DIRECTIONS: From the very first line of the records through the line that contains "An intersectional approach", repeat everything exactly except the pictures, and add nothing.

DATA FOR THE TASK:
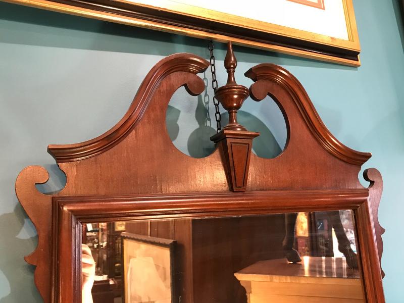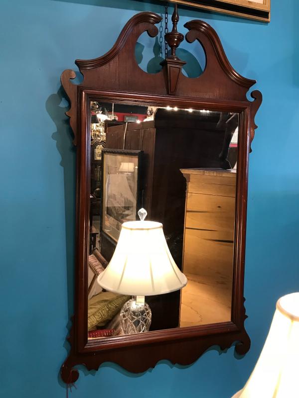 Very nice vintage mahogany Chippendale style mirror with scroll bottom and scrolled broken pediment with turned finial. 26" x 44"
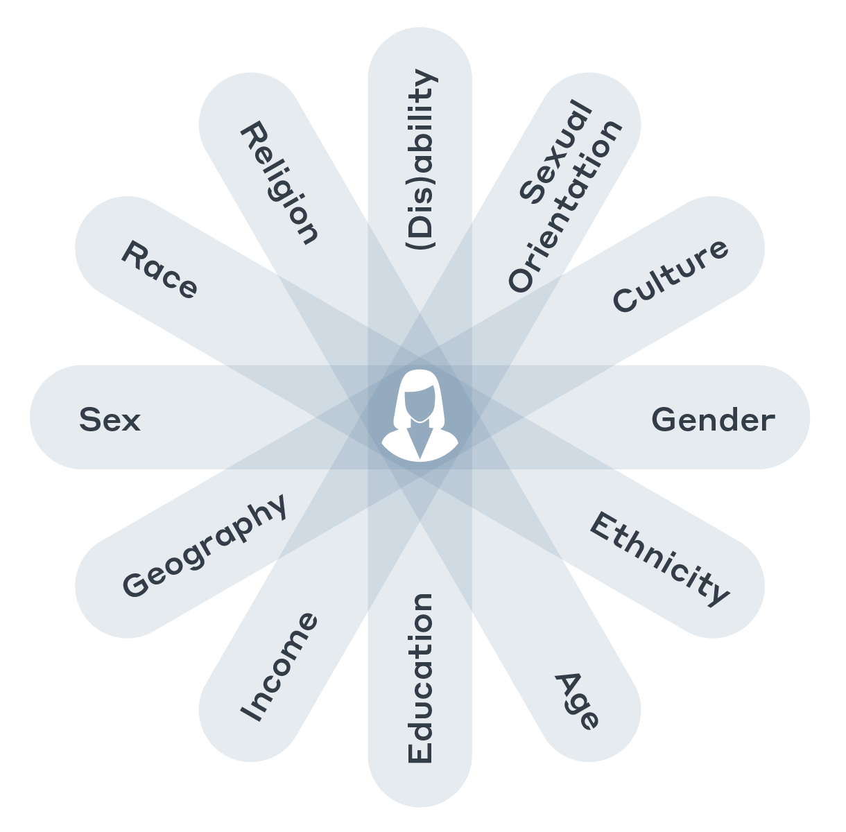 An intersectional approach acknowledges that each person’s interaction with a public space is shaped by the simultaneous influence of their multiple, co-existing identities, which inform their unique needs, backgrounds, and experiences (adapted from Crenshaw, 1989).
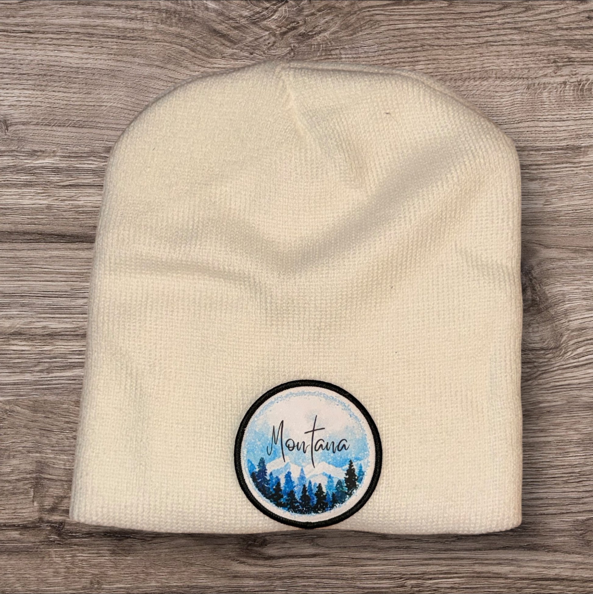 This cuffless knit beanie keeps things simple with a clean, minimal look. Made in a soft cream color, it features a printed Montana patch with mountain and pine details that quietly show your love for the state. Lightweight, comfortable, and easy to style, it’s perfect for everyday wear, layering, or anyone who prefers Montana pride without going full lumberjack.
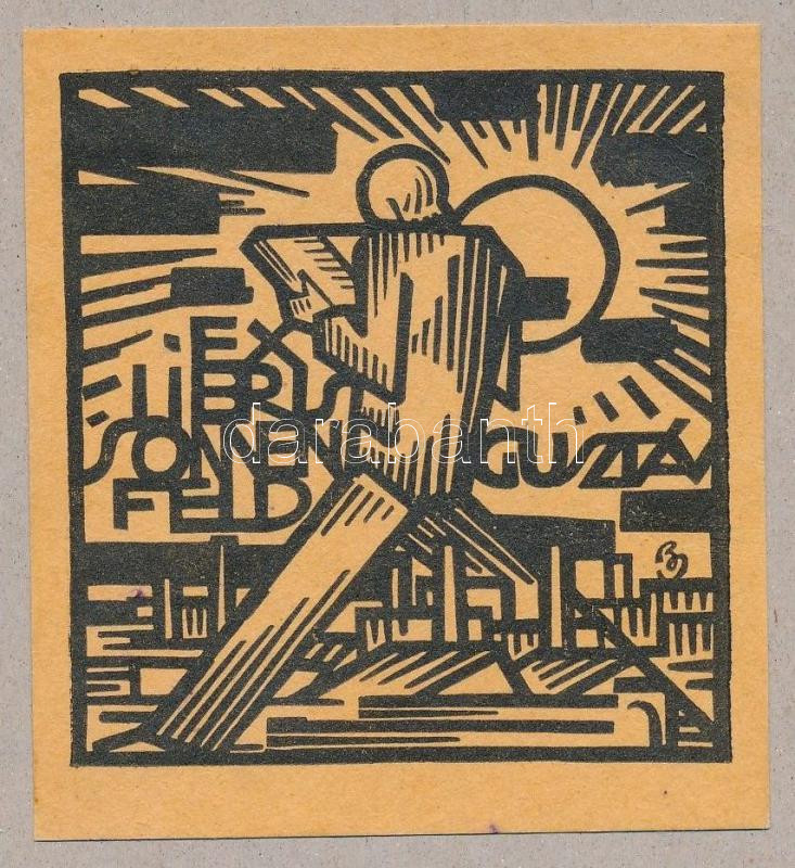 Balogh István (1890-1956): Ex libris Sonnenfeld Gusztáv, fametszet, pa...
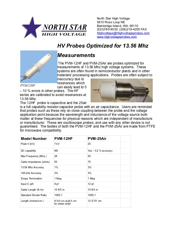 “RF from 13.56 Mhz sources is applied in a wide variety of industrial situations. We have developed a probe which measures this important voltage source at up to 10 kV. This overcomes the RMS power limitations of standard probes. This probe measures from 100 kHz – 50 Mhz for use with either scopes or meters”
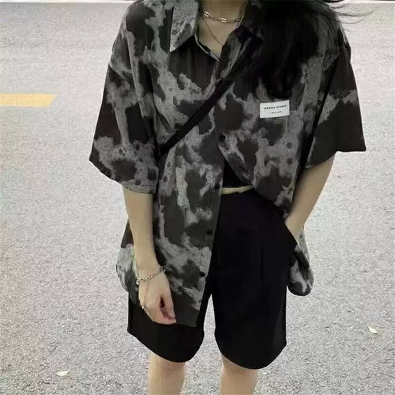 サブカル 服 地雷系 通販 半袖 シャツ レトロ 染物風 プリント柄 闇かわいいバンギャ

EXPECTED ANSWER:
 Very nice vintage mahogany Chippendale style mirror with scroll bottom and scrolled broken pediment with turned finial. 26" x 44"
 An intersectional approach acknowledges that each person’s interaction with a public space is shaped by the simultaneous influence of their multiple, co-existing identities, which inform their unique needs, backgrounds, and experiences (adapted from Crenshaw, 1989).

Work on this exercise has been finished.